With the bolts tight, we'll prefill an oil filter with oil and thread it onto the oil filter mount.
This way we have the added capacity of the filter in our system before we put oil into the engine case.
We're nearing the end as we install a pair of Nutech satin black running boards.
We did test fit the boards before paint and body so the installation is very straight forward and we don't need to loosen our fender bolts to get the running boards set in place.
Once their bolted on, we can give them a test stand and even though you're not supposed to stand on the running boards,
the aluminum boards can handle my weight and I'm not really light.
The last parts we'll install are a set of aluminum sill plates that are made to match the Nutech running boards.
The sill plates cover the threshold between the carpet and the running board and come pre-drilled for mounting.
You could drill into the heater channel and screw the sill plate in but I don't like extra holes in the heater channel.
Remember, we had to replace the entire driver's side channel in this car.
I prefer using some RTV silicone to glue the sill plates in place.
Noting that there is a left and right side, with a narrow portion that goes towards the front and a wider portion at the rear,
a couple of spots of RTV are squeezed onto the sill and it is set in place and pressed down.
The excess silicone is wiped up and once both sides are in, we recommend leaving the doors closed until the silicone cures.

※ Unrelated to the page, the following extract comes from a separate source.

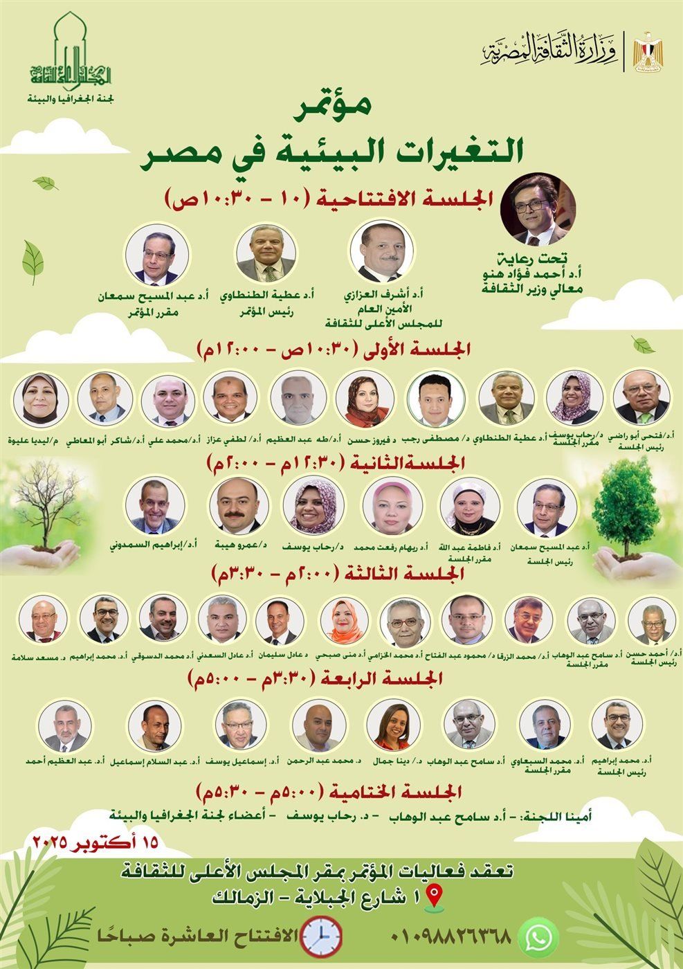 ينظم المجلس الأعلى للثقافة، بالتعاون مع كلية الدراسات الإفريقية بجامعة القاهرة، الأربعاء الموافق 15 أكتوبر 2025، مؤتمرًا علميًا موسعًا بعنوان "التغيرات البيئية في مصر"، بمقر المجلس الأعلى للثقافة بدار الأوبرا المصرية، بمشاركة نخبة من الباحثين والمتخصصين في مجالات البيئة والمناخ؛ يأتي ذلك تحت رعاية الدكتور أحمد فؤاد هنو وزير الثقافة.

Now, we'll lower the rear end of the car down to the ground and we can see that we really should have done this before we installed our fenders.
The rear end is sitting way too low with the engine in the car and we're going to have to readjust it.
In the meantime though, we'll fill the engine up with oil about two and a half quarts to start.
We crank the engine over for a few seconds and then wait a few minutes and check the oil level.
We add another 3/4 of a quart of oil.
Then, with a few gallons of 91 octane poured into the tank, we crank our engine back to life.
We notice some hesitation which we're guessing is from too much fuel pressure, but in the meantime, we'll put the engine in reverse and back up a bit to check that the reverse light switch works.
Then, we'll check that the running lights, the brake lights, and the turn signals work.
With that, we'll call it a wrap.
We still have to raise the rear suspension of the car, diagnose and fix the hesitation in the carb, and fix a couple of oil leaks one of which was unexpected.
We'll go over all that in our next video.